Areas of Research #01Open-mindedness is, in my opinion, a prerequisite of good science. A great deal of homeopathic research takes place regularly and often does not make its way into the media. The Homeopathic approach can be difficult to evaluate through the 'gold standard' of the Randomised Controlled Trial (RCT). In this context it is also worth considering that just 30 to 50% of medical practice in the UK today is supported by high-quality scientific evidence (2.). Often, in modern medicine, due to the extremely narrow context of medical technology through which examination is made of the human condition, we can miss the full picture. There is an important place, I would say a need, for homeopathic medicine alongside other disciplines today.

Despite the difficulties in measuring the individual and often complex process of homeopathic prescribing, over 200 well-verified clinical trials and at least 5 meta-analyses of such trials have demonstrated the effectiveness of homeopathy (3). Science is always changing and recent discoveries regarding the molecular structure of water have demonstrated that homeopathic potentisation is a scientifically plausible concept. It is vital to continue to look for explanations and meanwhile pursue a holistic model of medicine.

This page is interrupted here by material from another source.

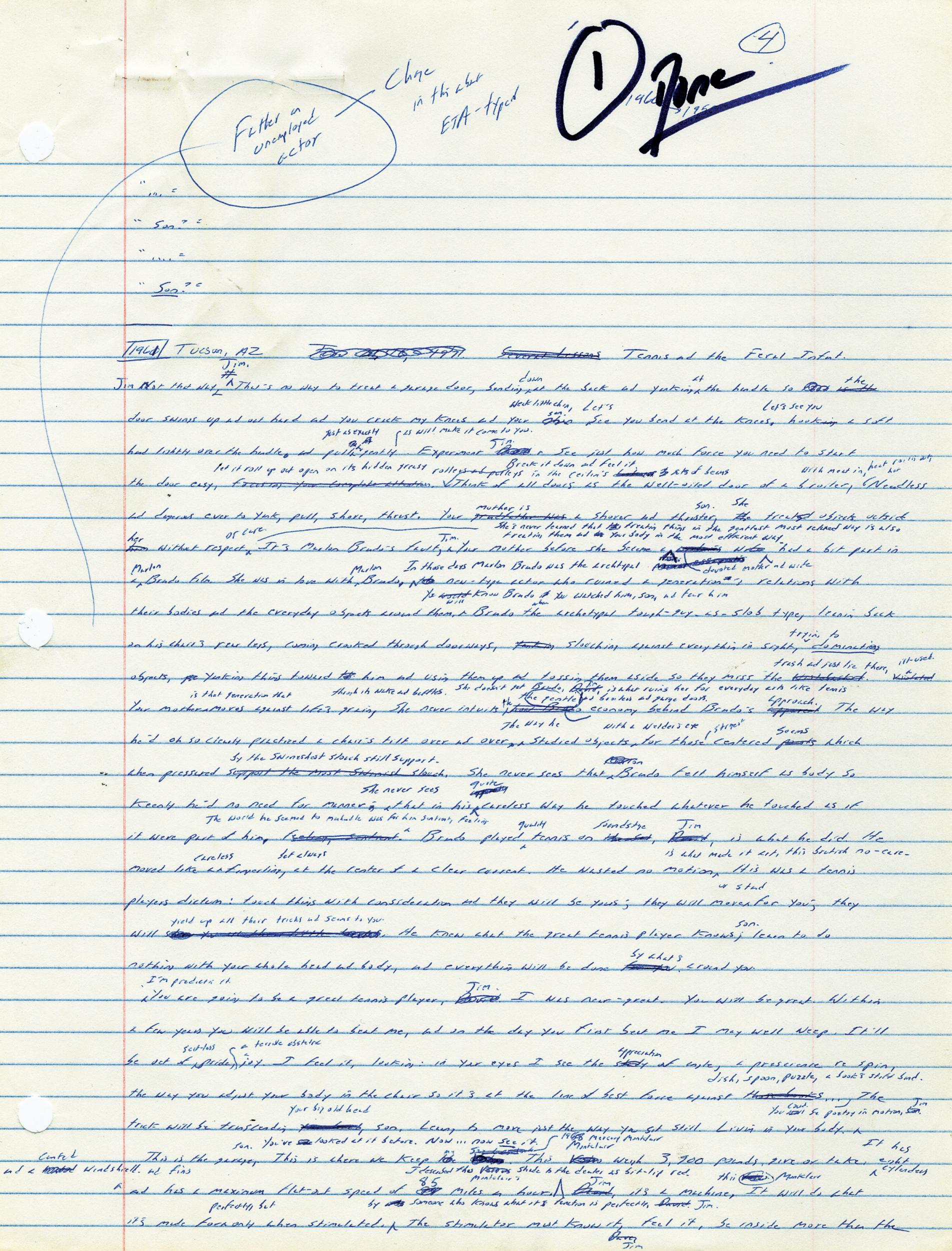 The writing writing [repetition intentional] that I do is longhand…The first two or three drafts are always longhand…I can type very much faster than I can write. And writing makes me slow down in a way that helps me pay attention.

In September 2005 the Bristol Homeopathic Hospital carried out a survey over a six year period which showed that of the 6,544 patients treated for chronic diseases such as asthma, migraine, IBS, arthritis, depression and chronic fatigue syndrome, 70% reported significant improvement (4).

Should you wish to know more about research in homeopathy in general please use the following links.

Homeopathic Research Institute

HRI exists "To facilitate and disseminate high quality homeopathy research"

Alternatively please contact the Society of Homeopaths via this link

SOH

Results from a long term observational study.

How healthy are chronically ill patients after eight years of homeopathic treatment?
Witt CM, Lüdtke R, Mengler N, Willich SN.
BMC Public Health. 2008 Dec 17;8:413 (Full text)
An 8-year longitudinal cohort study of over 3500 adults and children found that "patients who seek homeopathic treatment are likely to improve considerably". The research was conducted to narrow the knowledge gap between homeopathy's continuing popularity and lack of data about effectiveness and outcomes over time.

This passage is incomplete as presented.